Is “condescending asshole” the sign of a worsening neurological condition?

I kept a very close eye on him all day, and I was right when I said that any loud or unexpected noise sent my mind reeling. Leta moved a stool in the kitchen and I came running thinking he was having another seizure. Every thud, bump, squeak… every noise made me panic. I can’t thank the Internet enough for sending me stories and tiny snippets of encouragement. So many stories of dogs experiencing seizures and having positive, manageable outcomes. Some had sad stories to tell but found hope that Chuck would be okay.
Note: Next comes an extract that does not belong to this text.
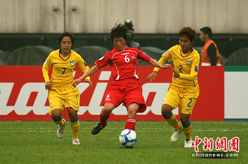 中新網(wǎng)成都5月20日電(記者劉忠俊 劉賢 楊杰)2010年女足亞洲杯A組比賽拉開戰(zhàn)幕,亞洲勁旅朝鮮女足迎戰(zhàn)泰國女足。開場4分鐘朝鮮隊連進(jìn)2球,下半場再進(jìn)一球,以3:0大勝泰國隊。
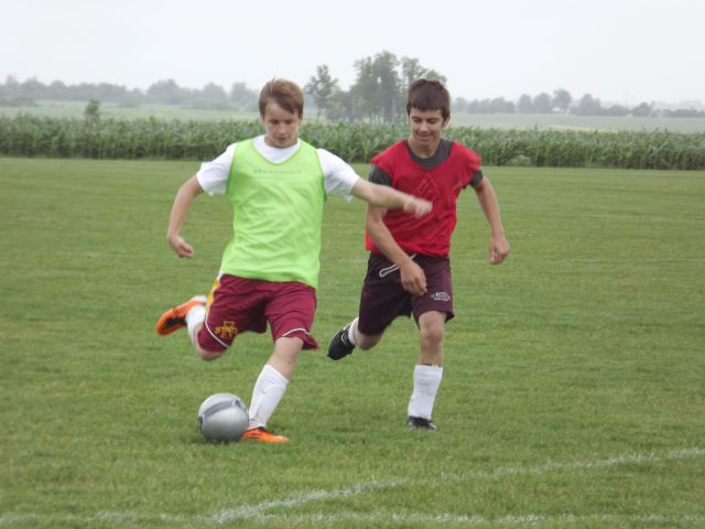 Above, the high school soccer boys stretch before the strenuous day on the field in preparation for a scrimmage to follow plus action shots after each workout of stretches and drills.

Midway through the day on Tuesday the vet called to say that the blood work could not look better. They had run several tests that they had not run on previous blood work six months ago, and if she were looking at it blindly she’d say it was from a dog half his age. Nothing abnormal to see. Steps from here: keep a close eye on him. If it happens again we can circle back and decide on a plan.

And so that’s what we’re doing. Even Marlo is giving him extra hugs and telling him not to “bang into the walls anymore.”

I am just like everyone else who gets caught up in the tedious minutia of everyday life forgetting to stop and offer gratitude for the fleeting time we have on this planet with the ones we love. It’s a shame that it often requires something like this to remind us to do so, to force us to remember that it could all be gone in an unexpected and tragic instant. That Chuck has been spared a bad diagnosis is his gift to all of us.